Statistical analysis

Values are expressed as averages ± SEM, and n represents the number of experiments analysed. Individual treatments were compared using either two-tailed unpaired t-tests or one-way ANOVAs with Tukey’s post hoc multiple comparison tests where appropriate, and significance was taken as P ≤ 0.05. The level of significance is indicated as: *  P  ≤ 0.05, **P ≤ 0.01, ***P ≤ 0.001 and ****P ≤ 0.0001. Analysis was performed using Graphpad Prism 6.0 for Windows package.

Comet assay

To estimate endogenous levels of DNA damage in treated and untreated progeria cells, the single cell gel electrophoresis (alkaline comet) assay was used.

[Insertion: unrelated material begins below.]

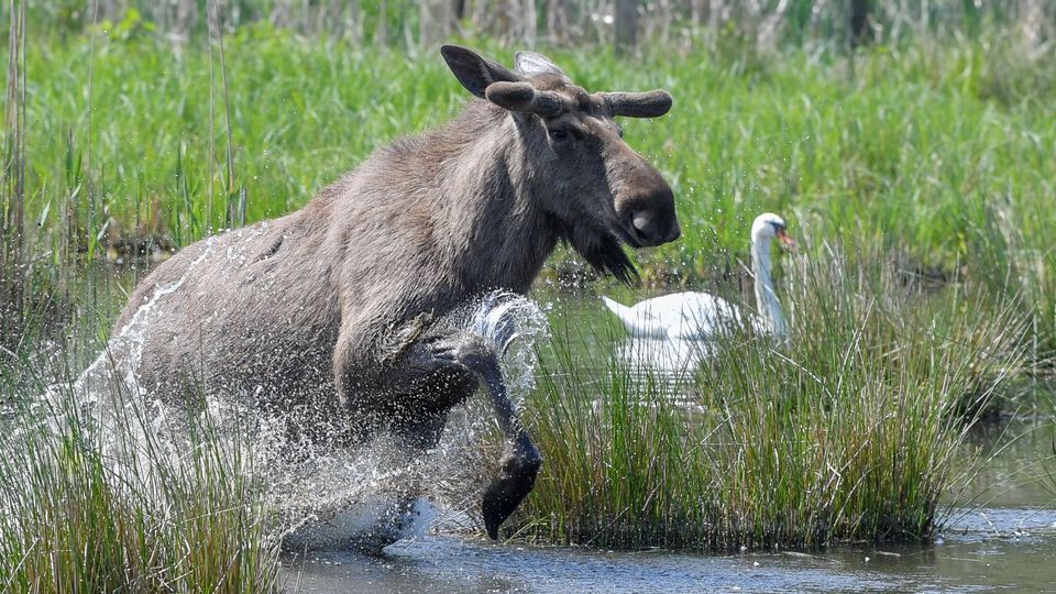 »Also wenn man einen Elch sieht,sollte man sich darüber freuen,weil das ist ein wenig wie ein Lottogewinn. Es kommt eben nicht so häufig vor«,erklärt Biologe Striese. Ganz ungefährlich seien die Tiere aber nicht. Von Hunden etwa könnten sie sich bedroht fühlen. Mitunter seien sie aber auch einfach neugierig.»Und deswegen sollte man halt schon 30 bis 40 Meter Abstand halten.« Die Tiere treten,wenn sie sich verteidigen müssen,sehr gezielt mit den Vorderhufen aus,erklärt der Elch-Fachmann. »Selbst ein einjähriger Elch wiegt schon über 150,200 Kilo. Wenn die uns so schubsen,wie sie das untereinander machen,sind wir reif fürs Krankenhaus.«

Comet assays were performed using an Fpg FLARE™ Assay Kit according to the manufacturer’s instructions (Trevigen). Prepared slides were placed in a cooled electrophoresis tank and electrophoresis was performed at 1 V/cm for 30 min. Slides were washed twice in dH2O for 5 min each, then in 70% ethanol for 5 min before air drying to bring all cells into a single focal plane. SYBR® Green was added to each sample and incubated at room temperature in the dark for 30 min. Excess solution is removed and the slides again left to air-dry completely. Slides were viewed and analysed with a 20× objective mounted on a Zeiss Axioplan2 microscope controlled by the Metafer MetaCyte cometscan software. Estimates of DNA damage level in each cell were determined using Comet tail moments (% of DNA in tail × tail length in μm) of at least 100 cells per slide in triplicate for each sample automatically calculated by the cometscan analysis plug-in for the Zeiss MetaCyte software.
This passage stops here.